Using PLY for Parsing Without Using it for Lexing

Mon, Nov 23, 2009

Over the past week or so I’ve been struggling with attempting to write my own parser (or parser generator) by hand. A few days ago I finally decided to give up on this notion (after all the parser isn’t my end goal) as it was draining my time from the interesting work to be done. However, I wanted to keep my existing lexer. I wrote the lexer by hand in the method I described in a previous post, it’s fast, easy to read, and I rather like my handiwork, so I wanted to keep it if possible. I’ve used PLY before (as I described last year) so I set out to see if it would be possible to use it for parsing without using it for lexing.

As it turns out PLY expects only a very minimal interface from it’s lexer. In fact it only needs one method, token(), which returns a new token (or None at the end). Tokens are expected to have just 4 attributes. Having this knowledge I now set out to write a pair of compatibility classes for my existing lexer and token classes, I wanted to do this without altering the lexer/token API so that if and when I finally write my own parser I don’t have to remove legacy compatibility stuff.

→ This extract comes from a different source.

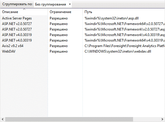 Для строк «ASP.NET v4.0.30319» и «Axis2 v9.2 x64» в столбце «Ограничение» должно отображаться «Разрешено»:

My compatibility classes are very small, just this:

class PLYCompatLexer(object):
    def __init__(self, text):
        self.text = text
        self.token_stream = Lexer(text).parse()

    def token(self):
        try:
            return PLYCompatToken(self.token_stream.next())
        except StopIteration:
            return None


class PLYCompatToken(object):
    def __init__(self, token):
        self.type = token.name
        self.value = token.value
        self.lineno = None
        self.lexpos = None

    def __repr__(self):
        return "<Token: %r %r>" % (self.type, self.value)

This is the entirety of the API that PLY needs. Now I can write my parser exactly as I would normally with PLY.